WHAT IS BEING ASKED.
Exactly the lines from the one holding "Former President of" through the last line of the listing below must appear in the answer, and no pictures.

STORED DATA.
+---+

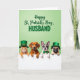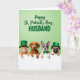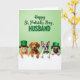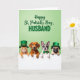 Designed with a soft gradient background shifting through shades of green, the card sets a cozy St. Patrick’s Day scene that feels friendly and a little romantic in its gentle mood 💚. Along the bottom edge, four pets line up close together—an orange tabby cat, a reddish-brown puppy, a brindle-and-white dog, and a fawn-colored pug—leaning their paws over a bright white ledge as if they’re sharing the moment with you. Three of them wear tall green hats with small golden buckles, and the brindle-and-white dog adds a green bow tie that makes the group look neatly dressed for a special date or a sweet get-together. Their faces are expressive and inviting, with wide eyes and soft, eager looks that suggest affection and companionship rather than mischief. Near the top, a holiday greeting appears in large green cursive-style lettering, with an additional line beneath it in thicker green letters that reads like a short dedication. The text sits centered above the animals, leaving plenty of open green space around it so the message stands out clearly ☘️. Warm fur tones contrast with the cool greens, and the hats’ gold accents add small points of shine. The white ledge runs straight across the lower portion, with all four sets of paws resting on it in a tidy row.
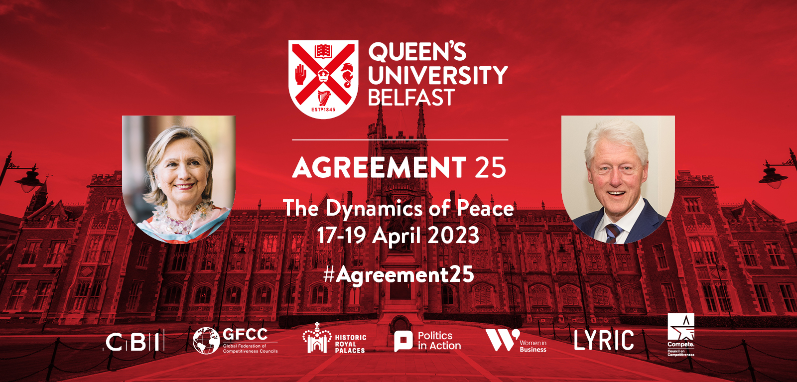 Former President of the United States, President Bill Clinton, and the Chancellor of Queen’s University Belfast, Secretary Hillary R. Clinton, are among the first global leaders to be announced as part of Agreement 25 at Queen's.
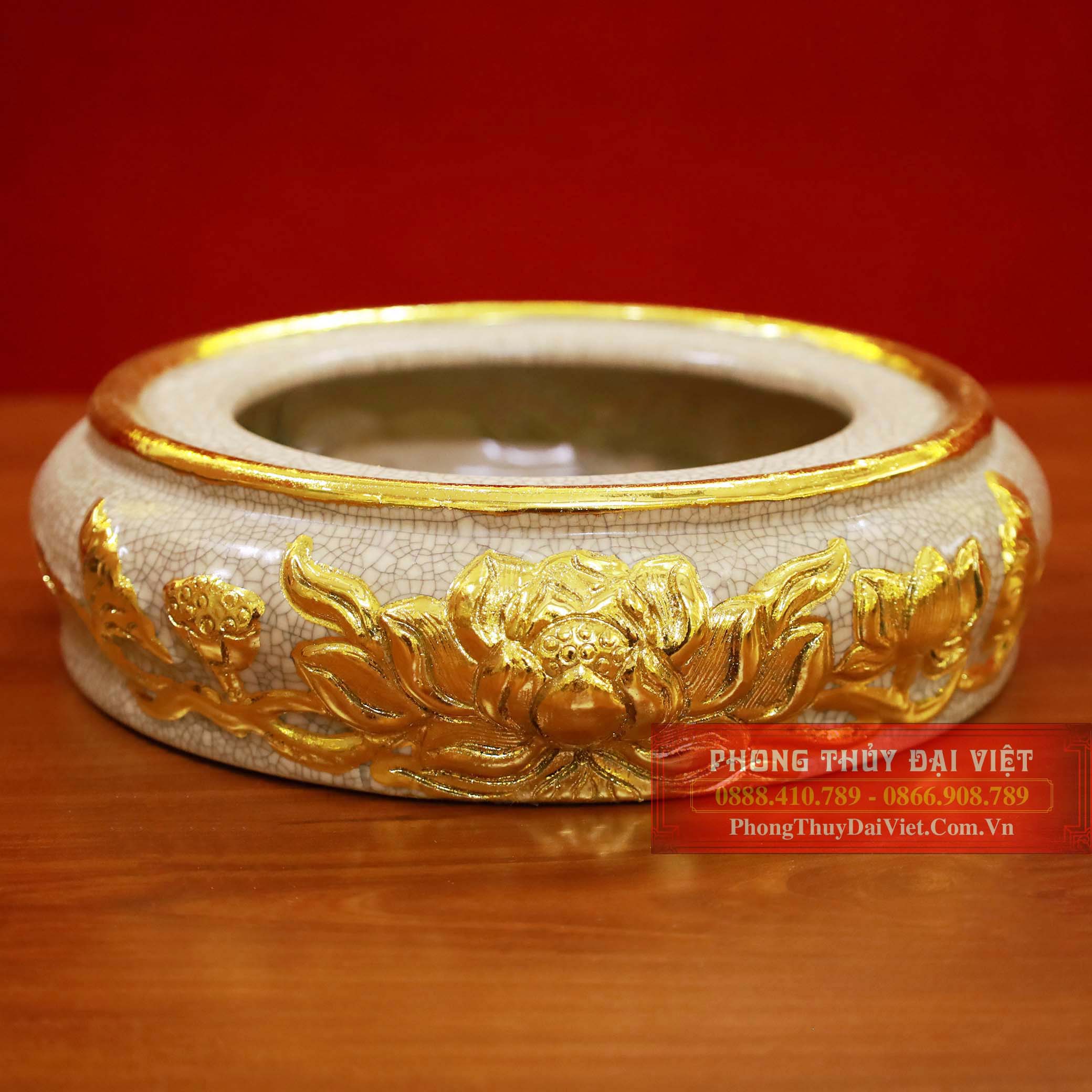 Chân bát hương sen men rạn đắp nổi dát vàng 24k cao cấp

+---+

EXPECTED OUTPUT.
 Former President of the United States, President Bill Clinton, and the Chancellor of Queen’s University Belfast, Secretary Hillary R. Clinton, are among the first global leaders to be announced as part of Agreement 25 at Queen's.
 Chân bát hương sen men rạn đắp nổi dát vàng 24k cao cấp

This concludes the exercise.